▶ **Exercise input**:
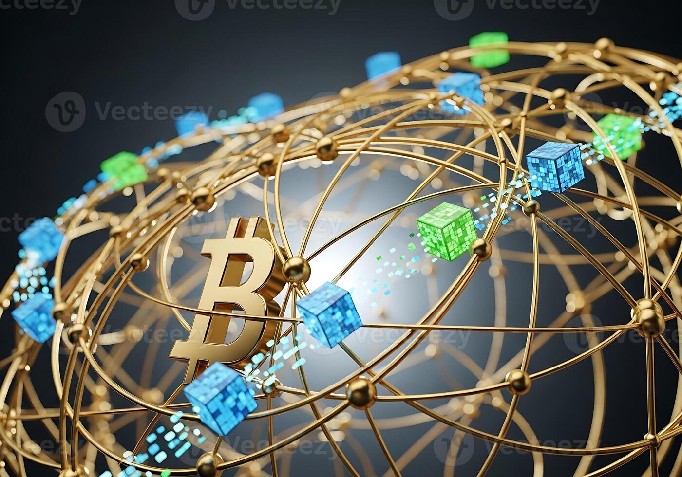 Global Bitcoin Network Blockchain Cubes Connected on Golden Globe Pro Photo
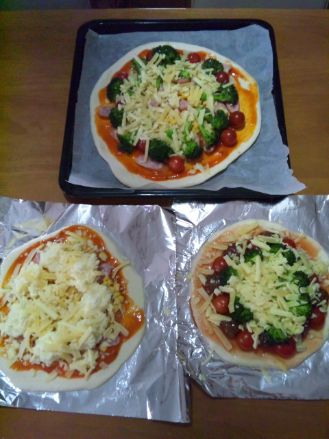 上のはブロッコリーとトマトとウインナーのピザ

---

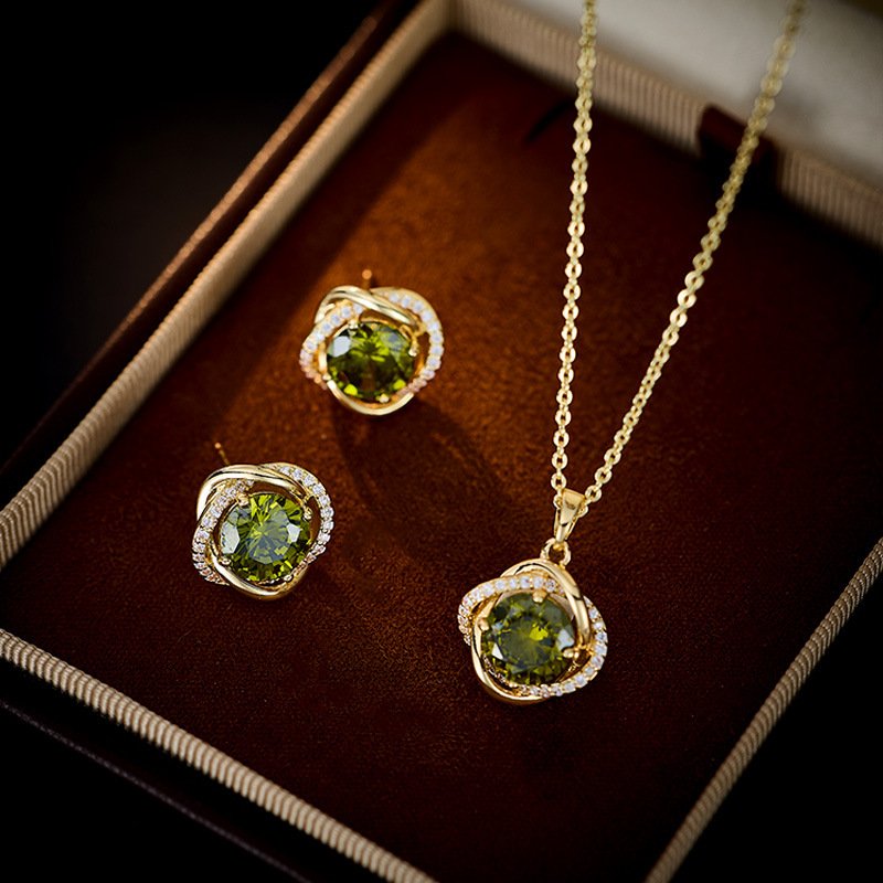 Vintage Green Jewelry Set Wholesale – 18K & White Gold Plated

...

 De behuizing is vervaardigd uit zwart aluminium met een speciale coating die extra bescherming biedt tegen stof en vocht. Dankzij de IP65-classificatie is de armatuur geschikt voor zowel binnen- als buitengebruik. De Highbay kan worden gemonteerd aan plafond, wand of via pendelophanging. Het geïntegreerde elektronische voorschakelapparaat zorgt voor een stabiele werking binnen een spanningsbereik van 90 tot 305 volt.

▶ **Requirement**: Exactly the lines starting at the one above with "Global Bitcoin Network" and ending at the one with "上のはブロッコリーとトマトとウインナーのピザ" should be printed, and nothing else. Omit the pictures.

▶ **Task response**:
 Global Bitcoin Network Blockchain Cubes Connected on Golden Globe Pro Photo
 上のはブロッコリーとトマトとウインナーのピザ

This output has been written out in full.